One of my fellow grad students just sent me the following email:
[We] were discussing whether the ability to option into a loan where you legally cannot default (like student loans) on all loan types (car, home, etc.) would be a good thing or bad thing. We both decided that we didn't know, but that there would be potentially really bad sorting mechanisms put into place. Do you have any thoughts on this?
Once I started typing my answer, I realized it would make a good blog post, because it illustrates a lot of important topics. This is a question where different assumptions will give us very different answers. Economic theory can tell us what will happen under different assumptions, but only empirical data from the real world can tell us which assumptions are true.

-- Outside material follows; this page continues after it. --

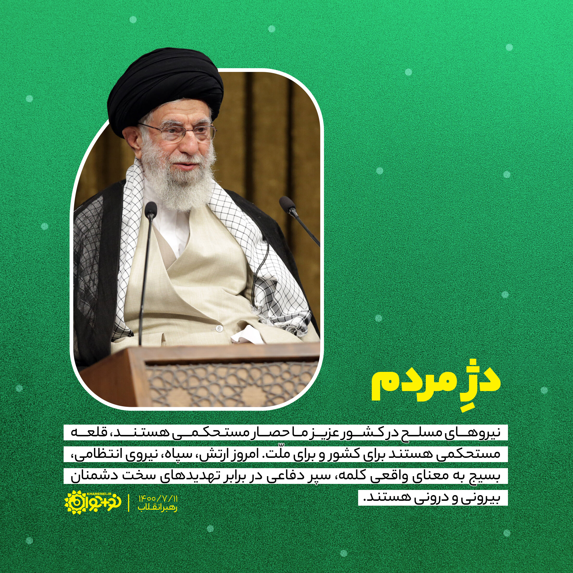 نیروهای مسلّح در کشور عزیز ما حصار مستحکمی هستند، قلعه مستحکمی هستند برای کشور و برای ملّت ... امروز ارتش، سپاه، نیروی انتظامی، بسیج بهمعنای واقعی کلمه، سپر دفاعی در برابر تهدیدهای سخت دشمنان بیرونی و درونی هستند.

One set of assumptions is that people are rational and that the default risk is mainly based on the character of the borrower. In this case, such loans would only be a good idea. They would give people the option of credibly revealing their type. Banks would charge lower interest rates on the loans where people could not default, because those loans loan would be less risky. If you were a responsible person and you knew you would repay, you would sign up for the no-default option to get the lower interest rate. If you thought you might default, you would pay a higher interest rate for the right to do default. The current system is a pooling equilibrium, where everyone with the same credit score pays the same interest rate. This new system would generate a separating equilibrium, where different people make different choices and pay different rates. This is the 'sorting mechanism' that my friend mentioned. The current system means that good borrowers pay for the deadbeats, and this option would eliminate that. It would generate a higher interest rate for deadbeats, meaning that they would take out less loans and less resources would be wasted on them.
But if money problems can happen to good people at random, for example if they get laid off because of a change in technology, then the situation changes. There are good reasons that our society got rid of debtor's prisons and allowed people to go bankrupt and eliminate their debts. If you suppose that everyone is the same, and faces some small chance of job loss or other misfortune, then the ability to default is best seen as a kind of insurance. If bad things happen, you get to erase your loan, which is like giving you money. We know that buying insurance will improve the expected utility, or well-being, of someone who is risk-averse, and most people are like that. The current default rules mean that everyone gets insurance, which makes society better off. If people had the option of not buying this insurance, then most of them would not bother. Everyone would take the option to default.
Both of these assumptions are simplistic. In reality, 'good' people have a small chance of default and 'bad' people have a larger chance of default. Modeling this situation properly would require some heavy-duty economic analysis and game theory, and I am not going to spend the time to do so, but I have seen similar situations and models in my Financial Economics class so I have a good feel for what would happen.
The current pooling equilibrium gives valuable insurance to everyone, while also causing good people to subsidize the deadbeats. A separating equilibrium resulting from the no-default option would erase both of these effects. Good people would no longer pay for bad people, but if misfortune hit, they would be in very bad shape.
However, we know that a separating equilibrium can only be generated if the 'good' people are better off choosing the no-default option. If the insurance is valuable enough to them, they will choose the default option, even with the higher interest rates that result from being pooled with the bad people.
It is hard to say if a separating equilibrium would emerge. It depends on how much people value the insurance and how many 'bad' people there are. But I am pretty confident that if a separating equilibrium did emerge, it would be better for society. Under rational actor assumptions, giving people the choice of a no-default loan will allow them to be better off, even though they would lose their 'insurance'.
However, this conclusion changes once you add in psychological factors like the overconfidence bias and limited information. This means moving from neoclassical economics to behavioral economics. If people underestimate the chance of misfortune happening to them, then they will not buy insurance when it would be in their best interest to do so. In this case, too many people would choose the no-default option, and end up suffering when misfortune hits and they cannot erase their debts. If you believe these assumptions, the current 'paternalistic' system where everyone must buy insurance with their loans is the best system.
The best option for society would be one that kept the insurance but eliminated the subsidy to 'bad' borrowers. This could be done by the creation of more complete insurance markets. If everybody bought layoff insurance the way they buy house insurance, then the no-default loan would not have any disadvantages. When good people got laid off, they would be able to use the insurance payments to keep paying off the loan. There would be a separating equilibrium where 'bad' borrowers pay more, and society would be better off.
This is another reason to remember the targeting principle. If we want people to have insurance against misfortune, then we should provide it directly, rather than bundling it with loans. Forcing the loans to come with insurance generates unwanted side effects in the form of subsidies to 'bad' borrowers. Our bankruptcy laws were written before most individuals had access to insurance. Before the 1800's, individuals did not buy insurance of any kind. There was no market for it and there were no companies providing it. Now that this has changed, our bankruptcy laws may be obsolete. It is a very good thing to give people insurance, and the side effects were unavoidable back then, but we can do better now.